Сначала я встречаю Ганса Альберса, с которым пью чай в его квартире с видом на Тиргартен, вероятно, немыслимо дорогой, набитой сомнительным антиквариатом, который он бесспорно считает подлинным.
Он славный малый, мучимый страхом старости и не без оснований считающий себя одним из самых популярных людей в этой глубоко деградировавшей части мира, похожий на кайзера Вильгельма II — тот наедине был приветливым и простым, но неприятным, когда представал перед многочисленной публикой, внимающей его речам, и считал, что в этом ореоле обязан вести себя по-другому. Здесь тоже: наедине он простой, приветливый сын гамбургского ремесленника, с небольшой долей сентиментальности в крови, со слезами на глазах, когда рассказывает о муках своей недавно умершей матери и о том, как она, сама голштинка, все еще пыталась в агонии петь знаменитый гимн «Шлезвиг-Гольштейн, окруженный морем»[99].

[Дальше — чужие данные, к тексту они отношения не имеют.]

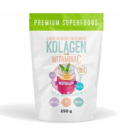 Kwas askorbinowy odgrywa dla kolagenu istotną rolę. Witamina C musi być obecna podczas procesu syntezy kolagenu. Stymuluje ten proces oraz sprawia, że zachodzi on prawidłowo, w wyniku czego powstała cząsteczka kolagenu ma odpowiednią budowę. Dzięki temu witamina C przyczynia się do zachodzenia wyżej wymienionych funkcji w naszym organizmie. W dodatku witamina C sama w sobie wpływa pozytywnie na wygląd naszej skóry, m.in. chroniąc nasze komórki przed stresem oksydacyjnym.

Впрочем, Берлин пахнет войной, и я застаю город таким, каким ему, как парвеню, нельзя показываться: запущенным, развратным, беспутным. Меню скудное, вина еще более сомнительные, чем обычно, белье подозрительной чистоты. Кофе жалкий, бензина для такси нет, а поскольку всех рабочих отозвали на фортификационные работы, ремонт не ведется, в гостиницах повсюду под плюшем, штукатуркой и бронзовым мусором видно жалкое убожество, которое является естественным состоянием Пруссии. Ночью, благодаря шепчущему и подмигивающему проводнику, я оказываюсь на старом Западе в полуподвальном ресторане, который, по словам моего гида, в чести у герра Геринга и поэтому остается открытым в старом берлинском стиле до рассвета и до полного утомления персонала. Сейчас он заполнен до отказа молодыми людьми из провинциальной аристократии, упакованными в форму СС, которые, вероятно, приехали в Берлин на предстоящий «день рождения кайзера» и теперь наполняют этот паб вонью плохих сигарет и шумом еще более плохих манер.
И вот они сидят, отправляя маленькие кусочки льда из охладителей шампанского в декольте своих дам, доставая их под всеобщее улюлюканье из чудовищных глубин на свет божий, задирая растерянного пожилого господина, который со своей окладистой белой бородой забрел в этот кабак бог знает откуда, да и говорят так, что и на Сириусе лучше поймешь каждое слово, — на жаргоне сутенеров, появившемся во времена мировой войны, а затем в эпоху фрайкоров[100], до которого за последние двадцать лет скатился язык Маттиаса Клаудиуса[101]. Из своего укрытия я внимательнее вглядываюсь в лица. Да, это представители старых, запятнанных кровью фамилий, сыновья тех захмелевших от пива отцов, которые когда-то, к изумлению товарищей, в качестве посольских советников и атташе вытащили тевтонское брюхо и шрамы студенческого братства[102] на мировую арену, а отсутствие манер и беспомощная неуклюжесть их появления казались даже трогательными…
Наблюдать их здесь — значит видеть бездонную пропасть, которая отделяет всех нас от прошлого. Хотя пивной живот и жировые мешки под глазами исчезли вместе со шрамами, лица худые и узкие, на первый взгляд их можно было бы принять за собрание истребителей драконов или архангелов, отдавших крылья в гардероб за двадцать пфенигов… Но это пока не вглядишься… пока подслушанный бордельный жаргон и грубость выражений не приведут совершенно к иному мнению.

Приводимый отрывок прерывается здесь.